KANSAS CITY, Mo. — GM said Wednesday it has idled its Fairfax Assembly Plant in Kansas City, Kansas, due to a supply issue caused by the UAW strike near St. Louis.
The closure comes as ripple effect of the ongoing strike at Wentzville Assembly, whose employees went on strike after GM leaders and the United Auto Workers could not reach an agreement on contract terms.
“It is unfortunate that the UAW leadership’s decision to call a strike at Wentzville Assembly has already had a negative ripple effect, with GM’s Fairfax Assembly plant in Kansas being idled today and most of its represented team members leaving the plant as there is no work available," GM shared in a statement.

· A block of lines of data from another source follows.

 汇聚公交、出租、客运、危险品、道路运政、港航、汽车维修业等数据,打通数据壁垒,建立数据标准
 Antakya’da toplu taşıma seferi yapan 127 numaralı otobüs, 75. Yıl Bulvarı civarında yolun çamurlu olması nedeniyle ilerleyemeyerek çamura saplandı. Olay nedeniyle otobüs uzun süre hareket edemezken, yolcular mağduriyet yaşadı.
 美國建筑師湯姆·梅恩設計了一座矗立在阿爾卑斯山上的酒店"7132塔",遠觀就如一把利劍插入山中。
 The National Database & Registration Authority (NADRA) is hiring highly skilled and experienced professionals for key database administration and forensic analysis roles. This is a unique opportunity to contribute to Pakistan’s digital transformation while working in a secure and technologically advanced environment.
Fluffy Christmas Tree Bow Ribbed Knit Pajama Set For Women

Fairfax Assembly employs over 2,000 individuals. GM shared that "due to the specific circumstances of this situation," impacted employees are not eligible for SUB-pay from the company.

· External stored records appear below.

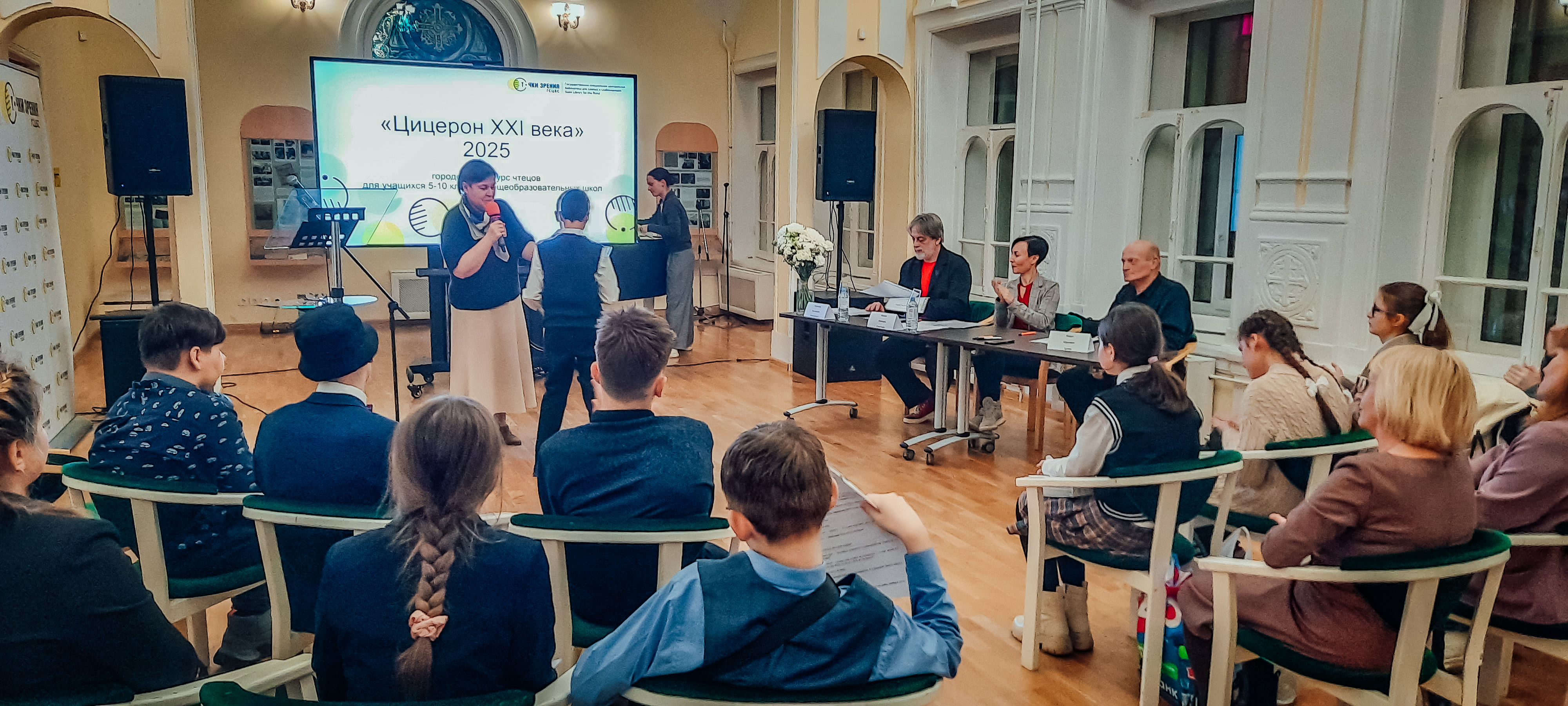 26 ноября 2025 года в библиотеке состоялся финальный тур конкурса «Цицерон XXI века». Ученики 5-10 классов городских школ, в том числе читающие по Брайлю, крупный шрифт и обычный текст, продемонстрировали искусство публичного выступления. В торжественной обстановке они представили выбранные ими самими прозаические произведения.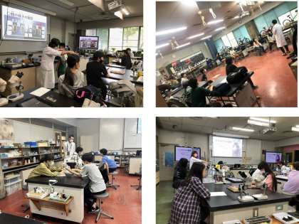 クラスごとに分かれて実験室で学習しています。
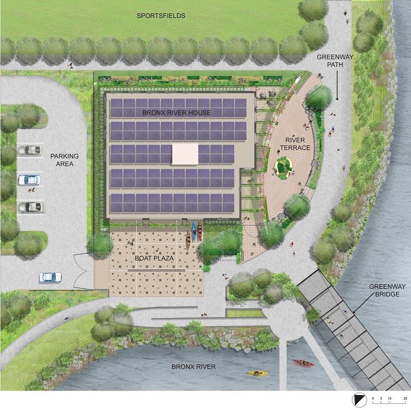 Note the Bronx River House’s solar panel roof in background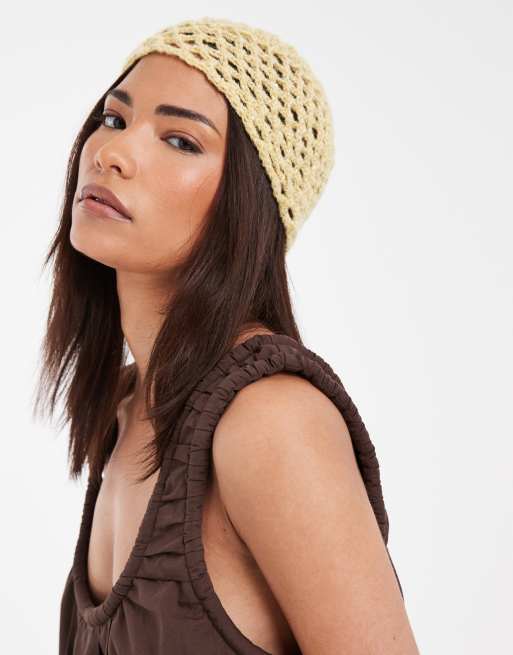 Pieces - Cappello da festival all'uncinetto giallo pastello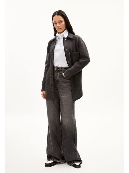 – z bawełny organicznej- z poliamidu pochodzącego z recyklingu- z dodatkiem wełny- kołnierz: kent- zapięcie: zatrzaski- kieszenie piersiowe: 2- krój: luźny- look: jednokolorowy
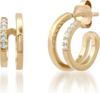 14K Yellow Gold & Diamond Double Huggie Earrings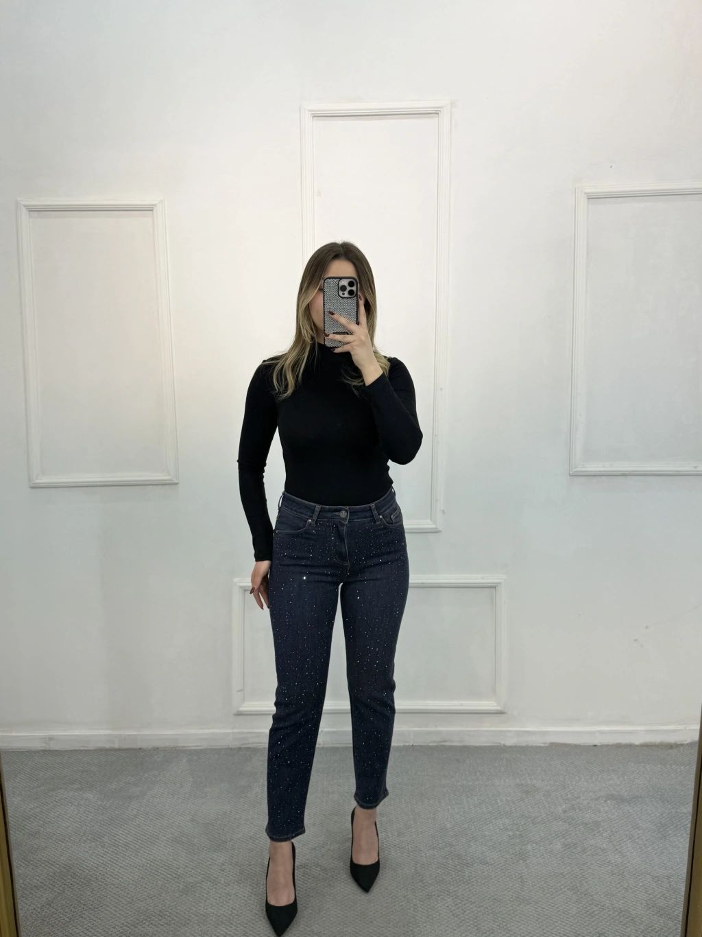 Jast Likralı Dökme Taşlı Mom Jean

"We have said repeatedly that nobody wins in a strike, and that effects go well beyond our employees on the plant floor and negatively impact our customers, suppliers and the communities where we do business, such as in greater Kansas City," the company shared. "What happened to our Fairfax team members is a clear and immediate demonstration of that fact. We will continue to bargain in good faith with the union to reach an agreement as quickly as possible.”
Wednesday marks day six of the United Auto Workers strike. The Wentzville assembly plant is one of three plants nationwide to officially go on strike. The Stellantis center in Toledo, Ohio, and a Ford assembly location in Wayne, Michigan, have also gone on strike.